Nonreciprocal Phonon Propagation in a Metallic Chiral Magnet

The phonon magnetochiral effect (MChE) is the nonreciprocal acoustic and thermal transports of phonons caused by the simultaneous breaking of the mirror and time-reversal symmetries. So far, the phonon MChE has been observed only in a ferrimagnetic insulator Cu₂OSeO₃, where the nonreciprocal response disappears above the Curie temperature of 58 K. Here, we study the nonreciprocal acoustic properties of a room-temperature ferromagnet Co₉Zn₉Mn₂ for unveiling the phonon MChE close to room temperature.
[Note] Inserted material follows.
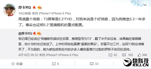 微博爆料达人@摩卡RQ 刚刚放出了锤子T3的最新消息。他表示,T3的屏幕为5.2英寸1080p,而这个尺寸也将是今年安卓旗舰机的重点配置。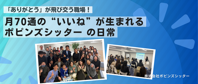 ポピンズシッターでは毎月「いいね大賞」を発表しています。日々の業務の中で見た、誰かの仕事や気遣い、言葉がけ、活躍、感謝の気持ちなどをいつでも「ひとことフォーム」で送信。月末に集計し、その月の「いいね大賞」を発表します。どんな「いいね」が届くのかを探ってみると、ポピンズシッターで評価・信頼される人の人物像が見えてくるかもしれません。「いいね」は毎月70通!こんな「いいね」が大賞を受賞しています毎月の「いいね」数は平均して約70通。この数字から見ても、社内みんなが日常的に「いいね」を自然と送り合っていることがわかります。本記事では、最近の「いいね大賞」受賞コメントを少しだけご紹介します。こん...

Surprisingly, the nonreciprocity in this metallic compound is enhanced at higher temperatures and observed up to 250 K. This clear contrast between insulating Cu₂OSeO₃ and metallic Co₉Zn₉Mn₂ suggests that metallic magnets have a mechanism to enhance the nonreciprocity at higher temperatures. From the ultrasound and microwave-spectroscopy experiments, we conclude that the magnitude of the phonon MChE of Co₉Zn₉Mn₂ mostly depends on the Gilbert damping, which increases at low temperatures and hinders the magnon-phonon hybridization. Our results suggest that the phonon nonreciprocity could be further enhanced by engineering the magnon band of materials.